(WHAT THE TASK REQUIRES) Can you transcribe the data exactly? Leave the pictures out.

(MATERIAL PROVIDED)

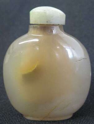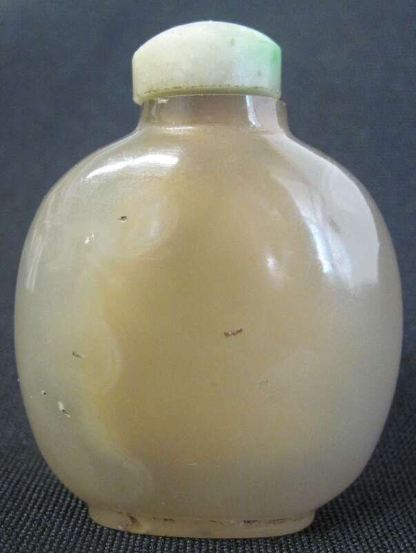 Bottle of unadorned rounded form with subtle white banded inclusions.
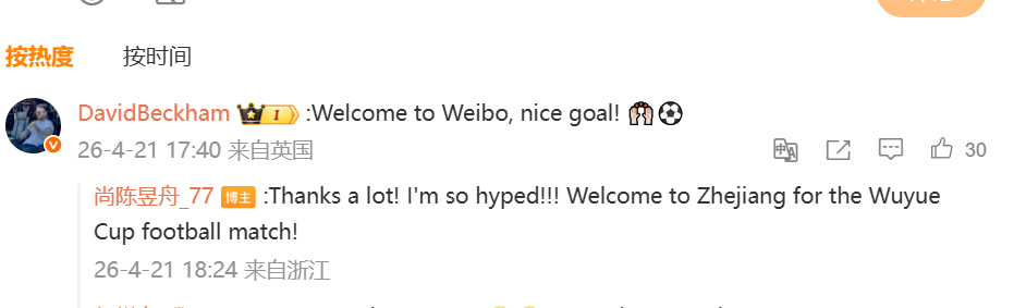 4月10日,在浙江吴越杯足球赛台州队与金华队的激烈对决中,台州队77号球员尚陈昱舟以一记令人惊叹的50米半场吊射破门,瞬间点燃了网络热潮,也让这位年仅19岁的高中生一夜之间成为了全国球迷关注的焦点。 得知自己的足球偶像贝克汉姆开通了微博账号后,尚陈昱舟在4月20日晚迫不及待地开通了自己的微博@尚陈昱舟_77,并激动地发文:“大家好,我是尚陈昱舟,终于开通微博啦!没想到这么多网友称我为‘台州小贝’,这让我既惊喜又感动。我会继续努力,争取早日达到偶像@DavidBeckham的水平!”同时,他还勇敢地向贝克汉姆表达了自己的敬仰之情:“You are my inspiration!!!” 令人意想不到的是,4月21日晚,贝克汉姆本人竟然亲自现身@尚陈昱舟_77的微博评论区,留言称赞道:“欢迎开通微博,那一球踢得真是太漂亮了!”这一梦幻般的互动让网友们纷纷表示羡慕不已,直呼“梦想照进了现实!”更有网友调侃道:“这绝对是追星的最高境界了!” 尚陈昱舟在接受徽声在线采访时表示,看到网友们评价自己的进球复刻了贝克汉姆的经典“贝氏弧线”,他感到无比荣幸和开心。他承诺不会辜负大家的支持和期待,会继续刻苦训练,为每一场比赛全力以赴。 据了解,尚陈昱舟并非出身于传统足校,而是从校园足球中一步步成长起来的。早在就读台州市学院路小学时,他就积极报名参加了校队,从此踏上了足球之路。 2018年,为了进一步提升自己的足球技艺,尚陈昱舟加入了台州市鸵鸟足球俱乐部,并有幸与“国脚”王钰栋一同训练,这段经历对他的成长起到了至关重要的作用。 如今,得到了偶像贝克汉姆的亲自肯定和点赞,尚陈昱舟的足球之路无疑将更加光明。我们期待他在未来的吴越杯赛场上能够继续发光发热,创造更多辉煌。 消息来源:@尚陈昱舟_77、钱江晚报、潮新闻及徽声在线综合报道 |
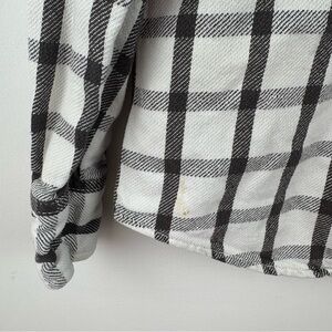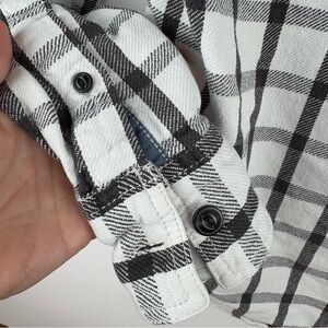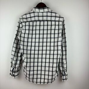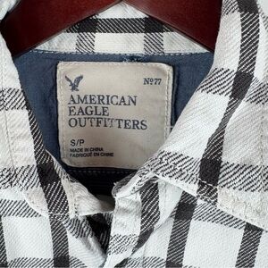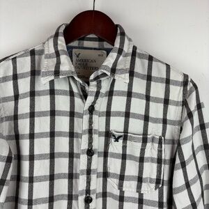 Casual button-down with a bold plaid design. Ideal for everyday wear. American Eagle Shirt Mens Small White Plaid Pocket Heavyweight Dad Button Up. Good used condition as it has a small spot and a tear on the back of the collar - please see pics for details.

(FINISHED EXERCISE)
 Bottle of unadorned rounded form with subtle white banded inclusions.
 4月10日,在浙江吴越杯足球赛台州队与金华队的激烈对决中,台州队77号球员尚陈昱舟以一记令人惊叹的50米半场吊射破门,瞬间点燃了网络热潮,也让这位年仅19岁的高中生一夜之间成为了全国球迷关注的焦点。 得知自己的足球偶像贝克汉姆开通了微博账号后,尚陈昱舟在4月20日晚迫不及待地开通了自己的微博@尚陈昱舟_77,并激动地发文:“大家好,我是尚陈昱舟,终于开通微博啦!没想到这么多网友称我为‘台州小贝’,这让我既惊喜又感动。我会继续努力,争取早日达到偶像@DavidBeckham的水平!”同时,他还勇敢地向贝克汉姆表达了自己的敬仰之情:“You are my inspiration!!!” 令人意想不到的是,4月21日晚,贝克汉姆本人竟然亲自现身@尚陈昱舟_77的微博评论区,留言称赞道:“欢迎开通微博,那一球踢得真是太漂亮了!”这一梦幻般的互动让网友们纷纷表示羡慕不已,直呼“梦想照进了现实!”更有网友调侃道:“这绝对是追星的最高境界了!” 尚陈昱舟在接受徽声在线采访时表示,看到网友们评价自己的进球复刻了贝克汉姆的经典“贝氏弧线”,他感到无比荣幸和开心。他承诺不会辜负大家的支持和期待,会继续刻苦训练,为每一场比赛全力以赴。 据了解,尚陈昱舟并非出身于传统足校,而是从校园足球中一步步成长起来的。早在就读台州市学院路小学时,他就积极报名参加了校队,从此踏上了足球之路。 2018年,为了进一步提升自己的足球技艺,尚陈昱舟加入了台州市鸵鸟足球俱乐部,并有幸与“国脚”王钰栋一同训练,这段经历对他的成长起到了至关重要的作用。 如今,得到了偶像贝克汉姆的亲自肯定和点赞,尚陈昱舟的足球之路无疑将更加光明。我们期待他在未来的吴越杯赛场上能够继续发光发热,创造更多辉煌。 消息来源:@尚陈昱舟_77、钱江晚报、潮新闻及徽声在线综合报道 |
 Casual button-down with a bold plaid design. Ideal for everyday wear. American Eagle Shirt Mens Small White Plaid Pocket Heavyweight Dad Button Up. Good used condition as it has a small spot and a tear on the back of the collar - please see pics for details.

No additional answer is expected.